With the saxophonist Settles himself on board on this album along with electric guitarist Tim Motzer and standup bassist Eric Wheeler, Stars adopts the fury and passion of mid-60s Coltrane and reconciles it ever so subtly to Carlstedt’s rock side. The explosiveness of the first two tracks in particular do a great job in establishing that what Trane was doing then wasn’t that far removed from what Hendrix was doing a scant couple of years later. Settles and Motzer offer up a unified counterpoint to Wheeler’s roving bass figures for “Dust,” after which Carlstedt launches into an Elvin Jones strong swing as Motzer’s rock guitar attack assets control, like a moment out of Sonny Sharrock’s Ask The Ages. The opening head of “Eggs and Grits” picks up where “Dust” left off and then goes off the abyss in free mode but without losing the melodic idea, which is allowed to mutate and evolve. Carlstedt leads the band into new directions in this four-way improv that simply flutters instead of scatters.
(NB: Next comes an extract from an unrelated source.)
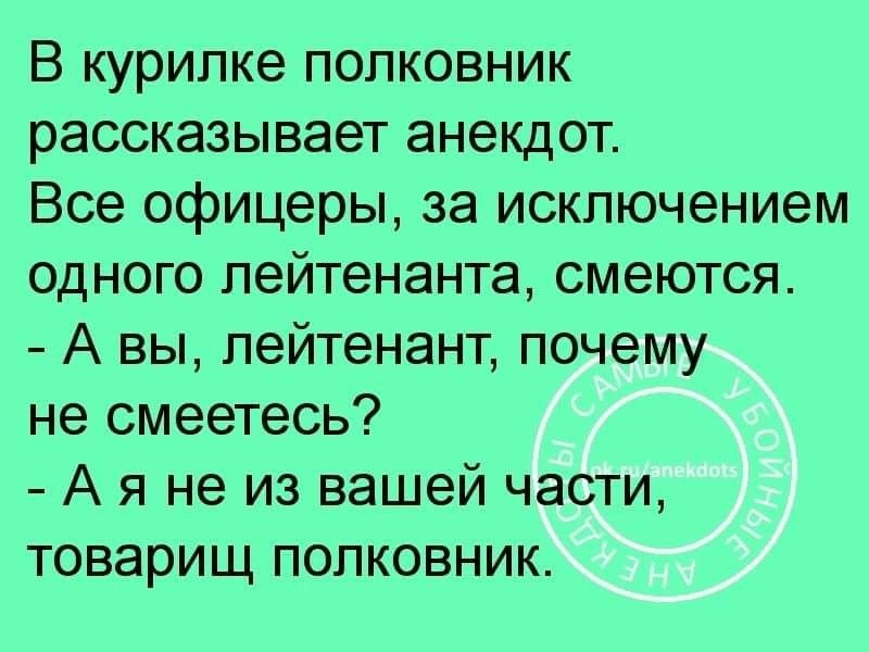 – Вероника, сколько раз объяснять? Я – не мальчик! И не надо ставить передо мной сто грамм… тем более на пульт управления огнем! Это называется «сто грамм перед боем»! Старинный русский военный обычай!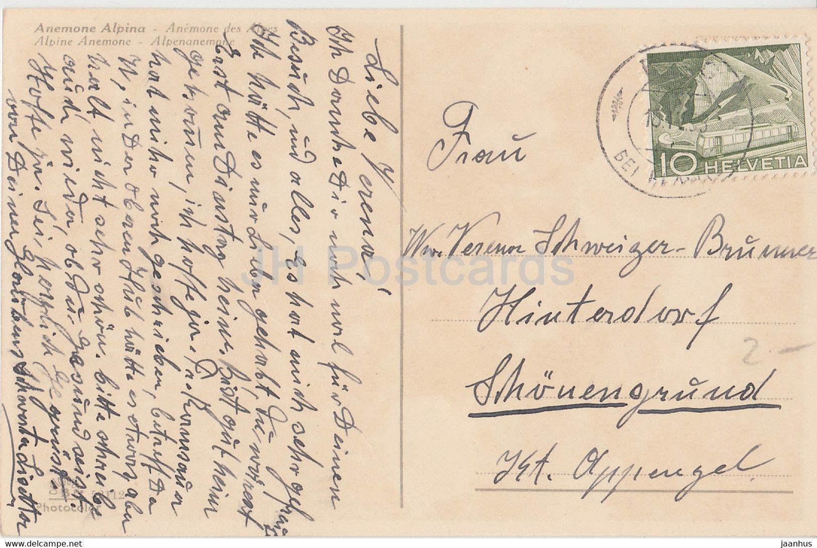 Anemone Alpina - Anémone alpine - Alpenanemone - fleurs - carte postale ancienne - 1953 - Suisse - utilisé

More echoes of late-period Coltrane can be found in the Interstellar Space-like sax-drums combustion “Open Road,” where Settles goes down a melodic path and Carlstedt’s unrestraint eventually entices the saxophonist to increase his. Conversely, Settles sits out of “The Photographer,” a rock ballad, dominated by Motzer’s slightly fuzzy soul tones.

Carlstedt’s palette for this album extends well beyond just a couple of influences, however, highlighted by a couple of interesting one-on-one’s between the drummer and guitarist. Motzer plays exotic, African folk instruments (or, so it sounds) on the peaceful “Refracting” over Carlstedt’s calypso beat. Ghostly shadings set “Four Point Two” in motion as Carlstedt’s brushes gently agitate from behind Motzer’s astral vibe.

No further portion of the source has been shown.